Second Spring agrees to serve you under the Medicaid Assistive Community Care Services (ACCS) program, so long as you are verified as eligible and need Level III Residential Care Home Services. Second Spring charges a flat room and board rate, and your eligibility for ACCS will not affect this rate.

For as long as you are verified ACCS eligible you will be responsible for paying Second Spring directly for your program fees at the rate of $825.00 per month. You will retain a Personal Needs Allowance of at least $193.00 per month.

For as long as you maintain ACCS eligibility, Second Spring will bill the Medicaid ACCS program for your Level III care services covered by the program at the daily rate established by the Medicaid program. The home will bill the Medicaid ACCS Program at this rate for each day of service provided to you. As of the date of this agreement, that rate is $42.25 per day. A day of service is a day on which you are ACCS eligible, reside at the home, and have not been absent for the entire 24-hour day or admitted to another facility. Under the terms of the Medicaid ACCS program, the home may not ask or require you or anyone else to pay the home for days you are absent from the home.
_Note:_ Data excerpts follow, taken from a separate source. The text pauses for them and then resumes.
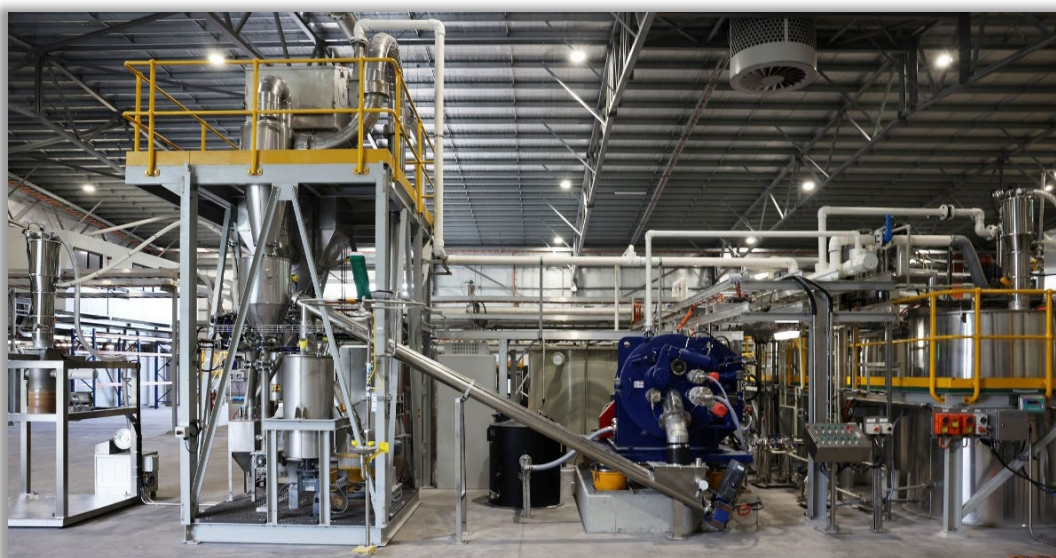
Installed aluminium sulphate circuit, showing flash dryer (LHS) and centrifuge (centre)

The high purity alumina hydroxide circuit is undergoing commissioning, and is now producing both high purity boehmite (Al-O-OH) and high-purity ATH.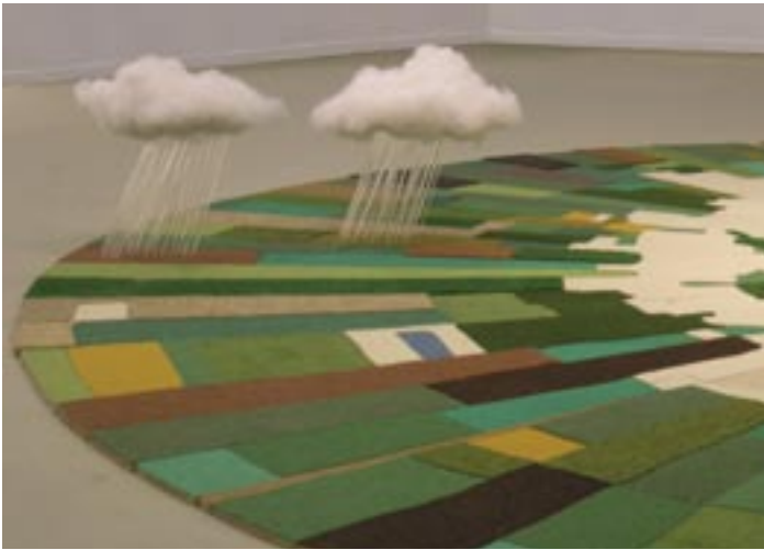
Nabalal (Partly Cloudy) , 2011 MDF, carpets, acrylan, plexiglas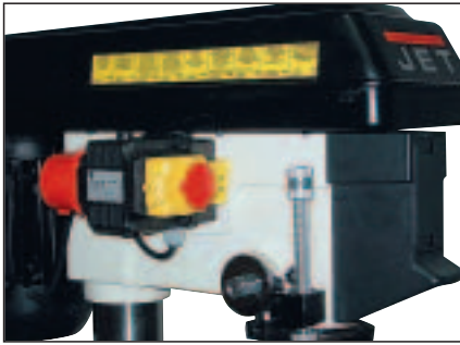
Left/right-handed rotation on 400-volt JDP-15 and JPD-17 F models

Hinged steel belt and pulley cover for easy access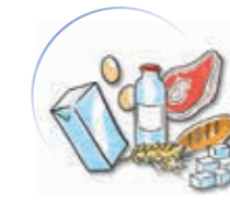
› FOOD INDUSTRY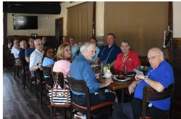
Our July 16 th meeting had 15 members and friends in attendance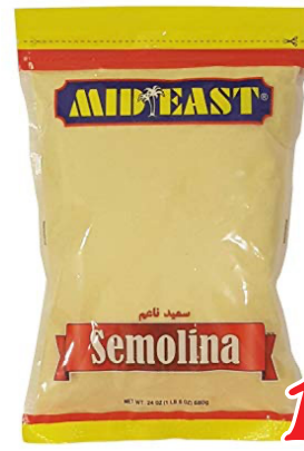
Semolina Flour Mideast 24OZ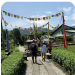
International Mountain Museum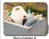
Recyclables & recycle collection bins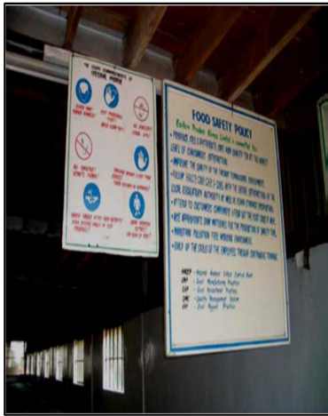
Photo 10: Safety signage within the factories promotes awareness and enhances food handling practices.

product safety and also participate in voluntary initiatives.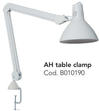
AH table clamp Cod. B010190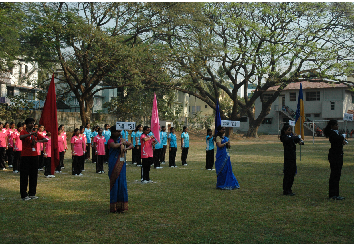
March past on Sports Day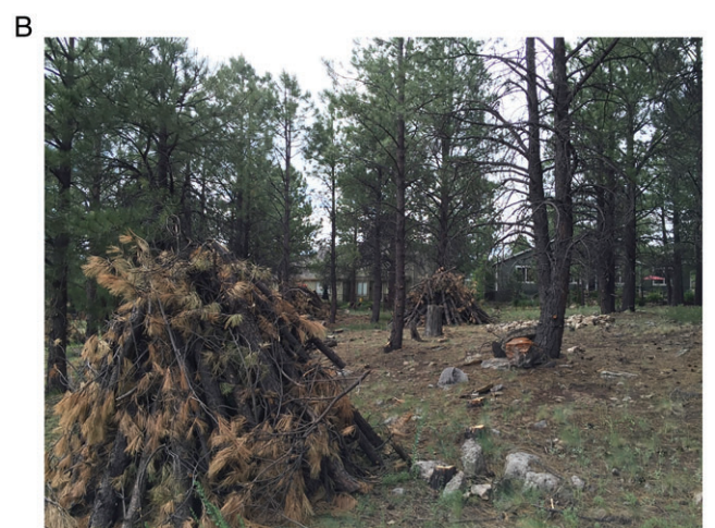
Figure 2. Applied resilience planning process. (A) A careful examination of the 4S's of applied resilience is necessary in order to select resilience planning strategies that will enhance resilience of a valued social—ecological state. Note that stage D of the process suggests monitoring and review, with a plan to repeat the process as necessary following adaptive management principles. (B) Thinning treatments such as those utilized in case study 2 provide a real-world illustration of the elements essential to applied resilience planning. The social—ecological state consists of dense forests at risk of high-severity fire (a major stressor ) following decades of fire suppression, but private property owners value these cool, shady forests, leading to social—ecological tension about the scale at which thinning should occur and the state forest characteristics that would represent success . Under circumstances such as these, a priori identification by stakeholders of each of these elements (mutual understanding of the stressor, desired forest state, appropriate and feasible scale, and metrics of success) is essential before management activities can occur.

Resilience has been used in a largely abstract fashion (Martin 2004; Standish et al. 2014; Hosseini et al. 2016), making it easy to insert into policy without contributing meaningfully to conservation of valued systems or resources. We recommend that resilience planners adopt an applied resilience planning process by which every resilience management effort begins with deliberate delineation of the stressors, system states, scales, and metrics of success that are applicable to the project and its objectives.

Covered services are the following services, up to the Level III level of care: help with activities of daily living; medication assistance, monitoring, and administration; 24 hour on-site assistive therapy; restorative nursing; nursing assessment; health monitoring; case management; and routine nursing tasks. These service terms are equivalent to terms included in the Residential Care Home licensing regulations.

Second Spring agrees that your program fees, plus the funds Second Spring receives from the Medicaid ACCS program, will be the sole and complete payment to Second Spring for required services.

Second Spring requests that you immediately inform us if you become aware of a change in your Medicaid or SSI status.